The extracted LABS and LGG bacterial supernatant was mixed with at ratios of 1:20 to generate bacterial supernatant culture medium and 0.5 mM sodium butyrate (represent butanoic acids) in which MC3T3-E1 and RAW 264.7 cells were incubated at 37 °C in 5% CO2. The bacterial supernatant culture medium and sodium butyrate was replaced every 48 hours. PBS was as control and added in plates.
ALP/ Alizarin red staining was performed on the MC3T3-E1 cells after 7 days of incubation in induction medium. Two milliliters of citric acid concentrate was added to 100 ml of deionized water and then mixed with acetone (2:3 ratio) to produce a fixing solution. The prepared fixing solution was added to the culture plates to fix the osteoblasts for 3 min. Substrate was applied dropwise to completely cover the fixed osteoblasts, and the plates were incubated at 37 °C for 15 min in the dark before being washed with distilled water for 5 min. The cells were stained with Alizarin red solution for 7 min and then washed with distilled water for 5 min. The slides were dried at room temperature and sealed. The cells were observed and photographed under a microscope.
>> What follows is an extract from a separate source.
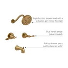 Design House 595728 Oakmont Classic Bath and Shower Trim with Single-Function Shower Head, 2-Handle Faucet and Valve for Bathroom, Brushed Gold Technical Details Brand Design House Color Brushed Gold Material Brass Finish Type Brushed Number of Handles 2 Handle Material Brass Item Weight 4.7 Pounds Mounting Type Wall Mount Spout Reach 12.1 Inches UPC 044321021566 Manufacturer Design House Item Weight 4.7 pounds Product Dimensions 12.1 x 14.2 x 78 inches Item model number 595728 Style Oakmont Finish Brushed Pattern Bathtub Shower Trim Kit Installation Method Wall Mount Item Package Quantity 1 Certification WaterSense Dual-handle design (8 inches between handles) with a brushed gold finish to easily adjust the temperature in your bathtub or shower (Valve included) Uses less water while keeping the shower head pressure high; 1.8 gallons per minute flow Includes shower head, slip-on tub diverter spout, two handle trim, and valve (behind the wall installation required) Pull-up diverter spout quickly disperses water Brass waterways to ensure safe and clean water for your family The Design House 595728 Oakmont 2-Handle Bath and Shower Trim is finished in a sleek brushed gold. This fixture is both refined and elegant with a washerless cartridge and simple design that aids in low-maintenance upkeep. Brass waterways to ensure safe and clean water for your family. The single-function shower head has a 1.8-gallon per minute flow rate which ensures a steady water flow after years of everyday use. Designed and manufactured by Design House, the trusted source for quality lighting, hardware, plumbing, kitchen, and bath products for every taste and budget. Shipping We offer FREE shipping on all orders! We ship within Three business days of payment, usually sooner. We use a selection of shipping services such as UPS, FedEx, USPS etc. We only ship to the lower 48 states, no APO/FPO addresses or PO Boxes allowed. Local pickups and combined shipping options are not provided at this time. Return You can return a product for up to 30 days from the date you purchased it. Any product you return must be in the same condition you received it and in the original packaging. Please keep the receipt. Payment We accept payment by any of the following methods: PayPal Please pay as soon as possible after winning an auction, as that will allow us to post your item to you sooner! Feedback Customer satisfaction is very important to us. If you have any problem with your order, please contact us and we will do our best to make you satisfied. Contact Us If you have any queries, please contact us via ebay. We usually respond within 24 hours on weekdays. Please visit our eBay store to check out other items for sale! Thank you for shopping at our store.
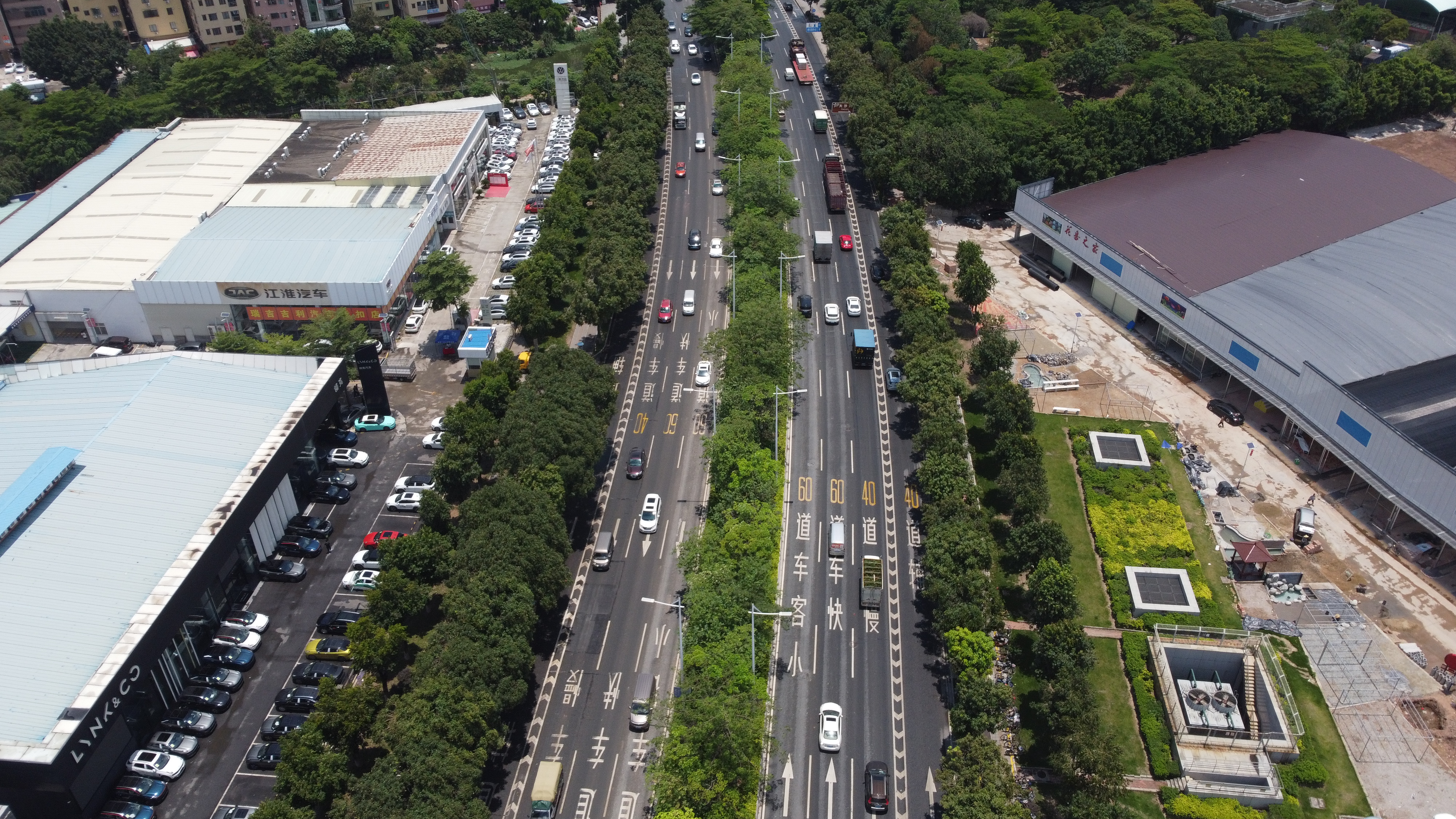 龙溪大道为已建成广佛边界五丫口大桥至花地大道段,现状双向8车道的城市主干道。设计速度 60千米/小时,而此次改造将优化项目西起凤西二路,东至花博大道,全长 1.94千米。

Tartrate-resistant acid phosphatase (TRAP) staining of RAW 264.7 osteoclasts was performed after treating them with the same method for 5 days.
1.9 Statistical Analysis
Data was represented by mean ± SD and analyzed by SPSS 11.0 software. The one way ANOVA analysis tukey’s posthoc was used for general measurement data. R software (Version, 2.15.3) was used to nonmetric multidimensional scaling (NMDS) analysis. P < 0.05 was defined as a significant difference.